Russia-Ukraine negotiations remained as the positions of both sides remain unchanged.
Fed’s Bullard and Waller support 50-basis point increases to the bank’s benchmark interest rate
Fed’s Kashkari anticipates neutral rates at 2.2% and a reduction in balance sheet at twice the QT.
The price of gold (XAU/USD), fell for the third consecutive week. This is due to mixed market sentiments caused by ongoing talks between Russia and Ukraine, inflation woes and tightening central banks. Investors are still leaning towards safe assets. At the time this article was written, XAU/USD trades at $1929 per troy ounce.
Although market mood has been improving, it is still fluctuating. European equities ended the session in the green while their North American counterparts recorded gains. The greenback is holding its ground, with the US Dollar Index above 99.19, up 0.22% in the day. This is a headwind to the non-yielding metal despite falling US Treasury yields.
Despite hostilities still raging, Russia-Ukraine peace negotiations are continuing. The conflicting signals from both sides suggest that talks are stuck at a mid-point and there is no progress. While Russia reported that Russia and Ukraine were closely aligned in their neutrality position and refusal to join NATO, reports from Ukraine claimed that these statements are meant to create tension in the media as Ukraine’s stand of a ceasefire and withdrawal of troops and strong security guarantees is not being compromised.
The Federal Reserve raised rates by 25 basis points in the middle week with an 8-1 vote. Bullard, St. Louis Fed President, was the only one who voted against. Bullard stated that he wants the US central bank implement a balance sheet reduction plan and recommended that the FOMC “try to achieve an level of policy rates above 3% this fiscal year.” Fed Governor Chris Waller later said that he supports 50 bps rate increases in the “near Future” but that the current data “is screaming for” 50 basis point hikes.

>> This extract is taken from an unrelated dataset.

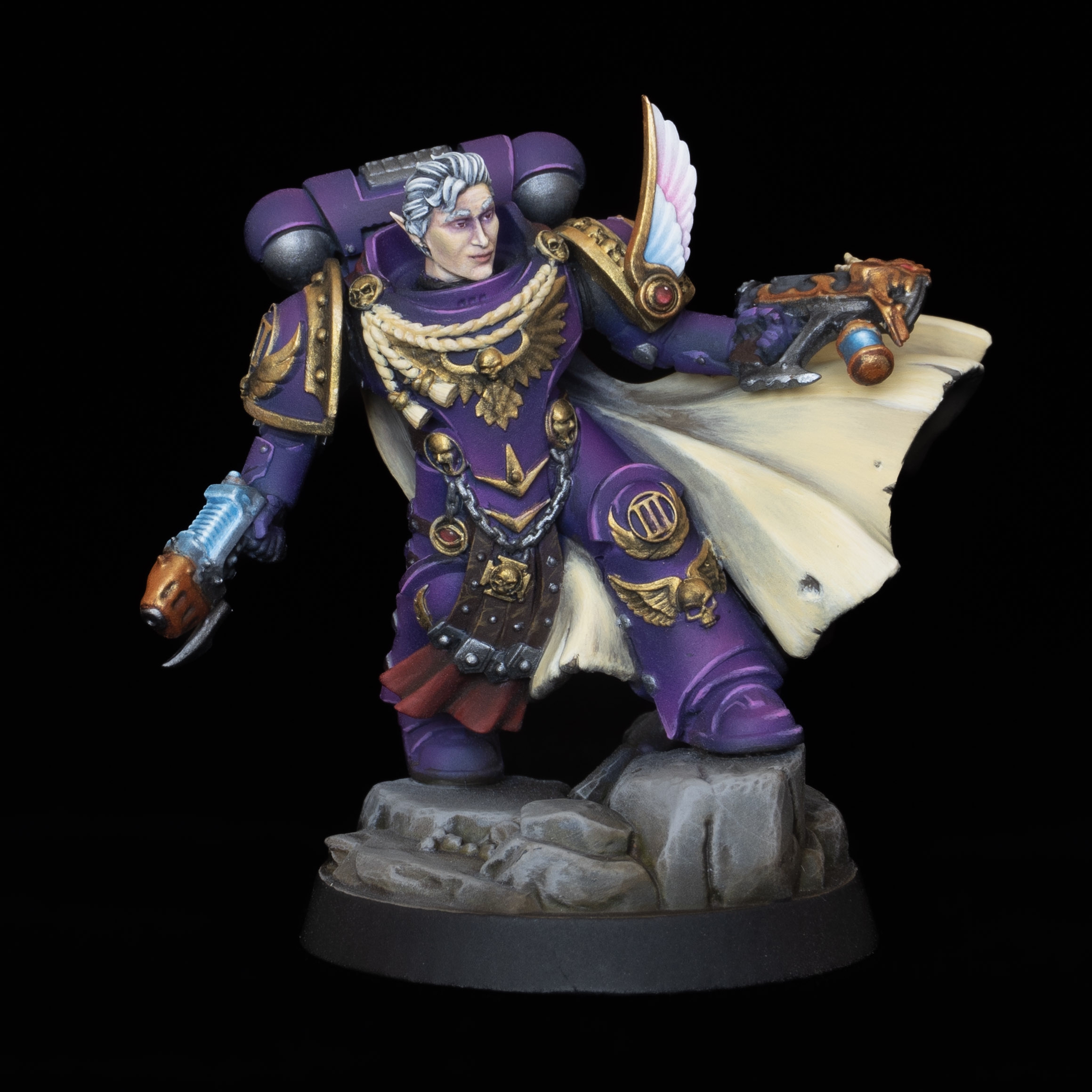 "Ветераны Клинка — неумолимые воины, неустанно продвигающиеся вперед с высоко поднятыми клинками — образ благородных рыцарей мифа. Члены элитной 1-й роты ветеранов своего ордена, каждый из этих очень опытных космических десантников сражался за сохранение Империума на бесчисленных мирах"

The Minnesota Fed’s Kashkari said that he believes there is a neutral rate of 2%, continuing the Fed talking parade. The US central bank will have to raise rates if inflation continues. Concerning Quantitative tightening (QT), he expects the Fed to tighten twice as fast as previously.
The US economic docket featured Existing Homes Sales for February was 6.02M lower that the 6.1M forecast, while the Consumer Board’s Leading Index rose 0.3% higher than the 0.2% estimate.